My exercising pursuits probably started at age one and a half when my foiled gymnastics routine failed to propel me out of the crib. Already I showed signs of being active and rambunctious and my “antics” did not stop despite stitches from my failed attempt. At age six my mother watched in horror as someone pointed to a young girl, her daughter, about to jump from the high diving board.
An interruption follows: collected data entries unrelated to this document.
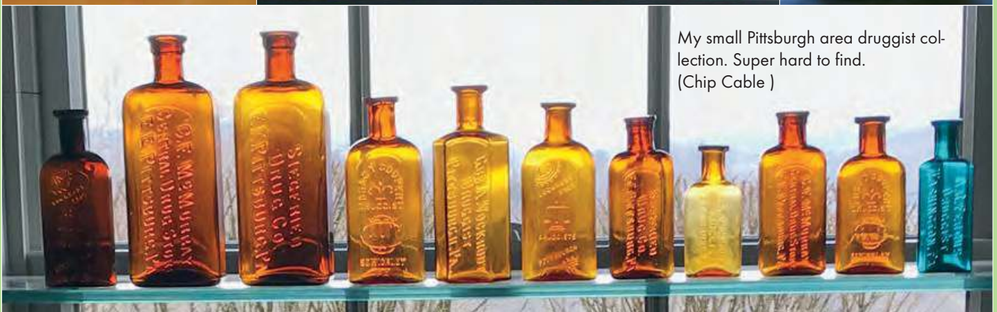
My small Pittsburgh area druggist collection. Super hard to find. (Chip Cable)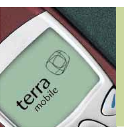
The Terra Mobile portal offers an enormous choice of mobile electronic commerce (mcommerce), business, e-mail, games, fax, information and other services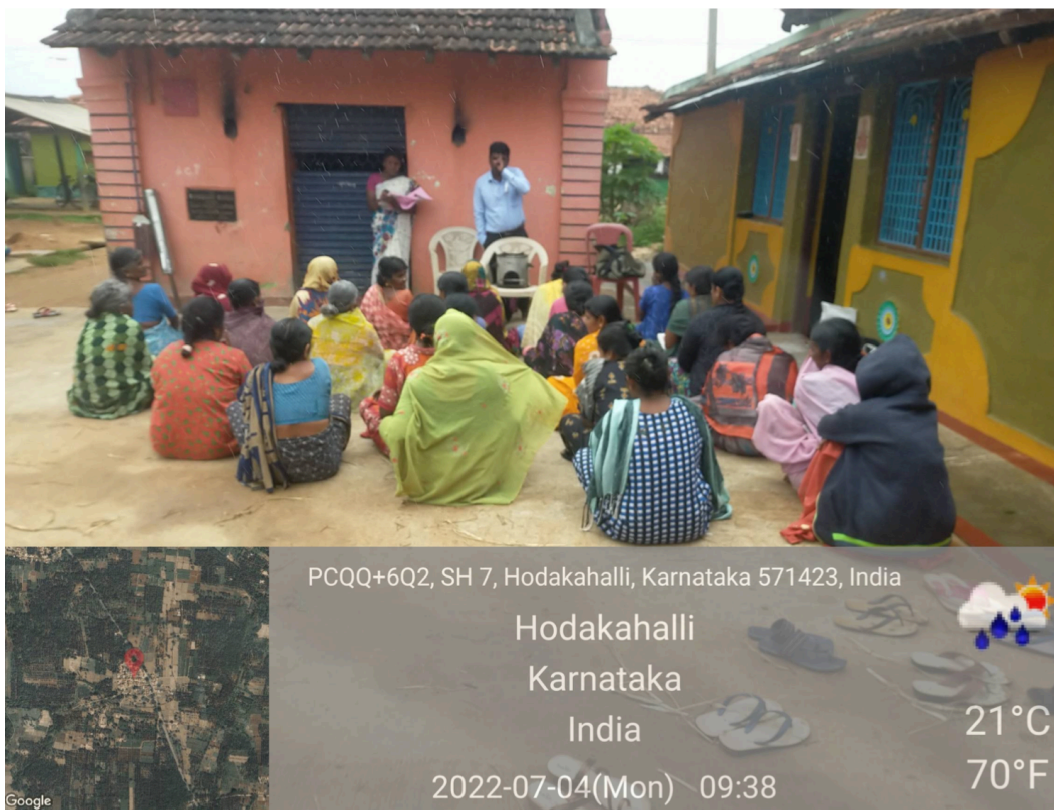
Picture of the stakeholder meeting conducted on 4/7/22, at Hodakahalli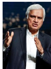
Ravi Zacharias Christian Apologist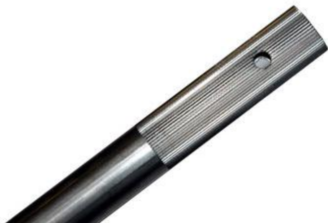
Photo from the steering column with the section with the knurling for the steering wheel hub (knurling according to DIN 82 - RAA1).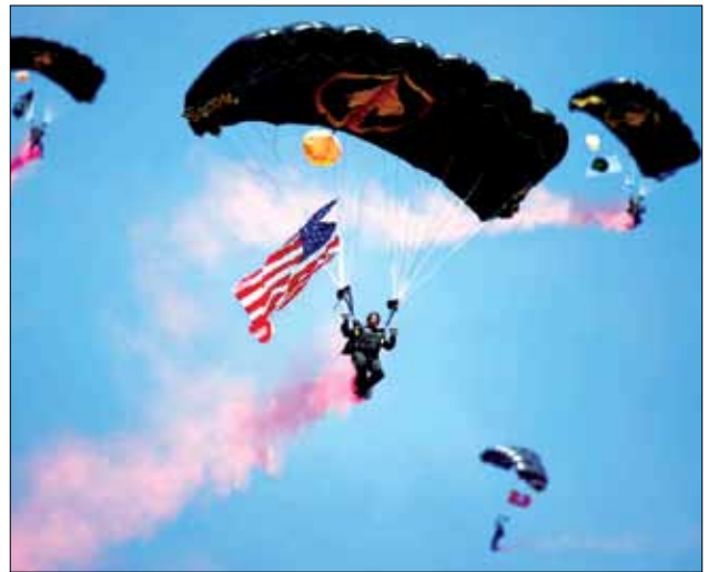
Para-Commandos, the parachute team, demonstrate their skills.

Air bursting MK285 pre-fragmented programmable high explosive ammunition was

Finally, at age eight she enrolled me in PAL (Police Athletic League), in an effort to allow me to channel my excess energy constructively.

I continued an active life style throughout my life, until I was diagnosed with MS.

In August of 2009 I was training for my first half marathon when I was diagnosed with RRMS. The diagnosis came as a shock to me because I was not only fit but maintained a healthy lifestyle.  The news, was a shock to me and I wasn’t sure how to cope.

After the diagnosis I shut everyone and everything from my life, including running and working out. I could not envision going for a run and collapsing from an MS episode. I truly had no idea what to expect but I had anticipated the worst of what could happen.  I couldn’t go to the gym and have my ego remind me of what I could no longer do.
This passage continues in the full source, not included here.